После более чем двухмесячного перерыва -- снова берусь за перо. Возвращусь к тому времени, -- это для меня необходимо, так как в эти дни со мною произошло что-то странное.
Я всё время, с конца февраля, читала каждое утро по главе из книги Неплюева; это доставляло мне какое-то особое ощущение: я читала критику всей нашей жизни, некоторые страницы которой дышат такой искренностью, такой беспощадной правдой, что невольно вырывалось рыдание и сильнее чувствовалась вся неправда жизни, вся сила горя современного человечества... <...>
И странное дело: чем дольше я читала, тем более подвергала критике не только самую мою жизнь, вовсе не бывшую христианской, но и веру. Я старалась проанализировать собственное религиозное чувство, сразу не поддающееся объяснению; но было много времени, и вот, понемножку, в эти дни я думала и над своей "религией".
В силу чего я верила? -- В силу переданного традицией отчасти, в силу потребности своей души -- тоже отчасти, так как известные религиозные воззрения были приобретены не лично мною, а усвоены с детства; не будь их -- додумалась ли бы я сама до признания Бога? И я должна была ответить на этот вопрос честно: "не знаю".
Мое религиозное чувство, проявлявшееся с детских лет... Чем, по большей части, оно было вызвано? -- Моя младшая сестра постоянно твердила: "я не умею молиться". Этого я никогда не понимала и не могла понять. С детства я молилась, и тогда душа моя находила особую отраду в молитве, и я понимала смысл произносимых слов... <...>
Потом... В гимназии я любила более всего всенощную; служба вечером казалась мне более поэтичной и торжественной, и искренно молясь, почти со слезами, за всенощной, я уставала и скучала за обедней и не стыдилась спать, выдумывая себе головную боль, чтобы не ходить в церковь и читать... В годы отрочества -- лет в 14 -- я опять вспомнила свою "веру", начавшую становиться более сознательной, но которая всё-таки не шла далее раскаяния.

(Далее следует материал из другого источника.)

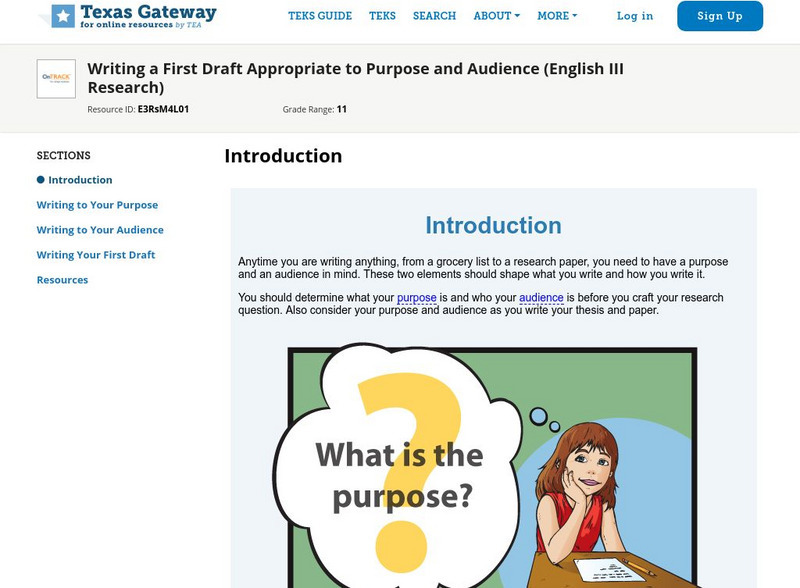 Texas Gateway: Writing a First Draft Appropriate to Purpose and Audience

Я даже сначала не верила в теорию Дарвина именно ради того, что она расходилась с религиозными убеждениями, и была совсем сбита с толку, видя, что её принимают многие, называющие себя христианами. Сомнений же в существовании Бога у меня не было... <...>
С 21 года моё религиозное чувство всего сильнее оживало всего только два раза -- перед поступлением на курсы и потом во время болезни Вали, т. е. оба раза под влиянием сильных душевных волнений, причём в последний раз оно было сильно только одно мгновение и затем сразу ослабло... <...>
И вот, пересмотревши всю свою жизнь, я невольно задала себе вопрос -- "в чём моя вера"? -- и какой же ответ на него давал мне беспощадный анализ?
-- Первая вера была в силу твоей беспомощности, в силу склада твоей души, нуждавшейся в утешении и поддержке, не видевшей её нигде; твоя вера была в безотчётных порывах души к чему-то стоявшему выше пошлости житейской, в силу врождённой любви к поэзии... и только. Моя твёрдость, с которою я держалась за неё, несмотря на всевозможные возбуждавшие религиозное сомнение книжки, заставляла меня подвергать их критике и защищать "веру" от нападок, как нечто -- необходимое для человека. Я с искренним сожалением смотрела на неверующих курсисток, называя их про себя людьми без твёрдых убеждений, не знающих смысла жизни...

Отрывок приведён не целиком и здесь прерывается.